In reviewing the substantive reasonableness of a sentence, this court considers “the totality of the circumstances, including the extent of any variance from the Guidelines range” and “must give due deference to the district court’s decision that the § 3553(a) factors, on a whole, justify the extent of the variance.” Gall v. United States, 552 U.S. 38, 51, 128 S.Ct. 586, 169 L.Ed.2d 445 (2007). “A non-Guideline sentence unreasonably fails to reflect the statutory sentencing factors where it (1) does not account for a factor that should have received significant weight, (2) gives significant weight to an irrelevant or improper factor, or (3) represents a clear error of judgment in balancing the sentencing factors.” United States v. McElwee, 646 F.3d 328, 343 (5th Cir.2011) (quoting United States v. Smith, 440 F.3d 704, 708 (5th Cir.2006)) (internal brackets and quotation marks omitted).

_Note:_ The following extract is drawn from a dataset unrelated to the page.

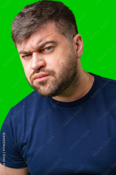 Man expressing confusion with crossed arms in front of a bright green background

Under Jaimes-Aranda’s view, his sentence is too harsh because the guidelines calculations took his past misdeeds into account, because his prior convictions are temporally remote, and because a lesser sentence would have served to deter him, protect the public, and provide apt punishment for his illegal reentry offense. This argument is unavailing because it does not show that the district court failed to consider a factor that should have been substantially weighted, gave undue weight to a trivial or improper factor, or otherwise exercised unsound judgment in picking a sentence for Jaimes-Aranda. See McElwee, 646 F.3d at 343. Indeed, this argument shows no more than Jaimes-Aran-da’s disagreement with the district court’s weighing of the § 3553(a) factors, which does not suffice to meet the plain error standard. See Gall, 552 U.S. at 51, 128 S.Ct. 586; see also Peltier, 505 F.3d at 391-92. The judgment of the district court is AFFIRMED. 
      
       Pursuant to 5th Cir. R. 47.5, the court has determined that this opinion should not be published and is not precedent except under the limited circumstances set forth in 5th Cir. R. 47.5.4.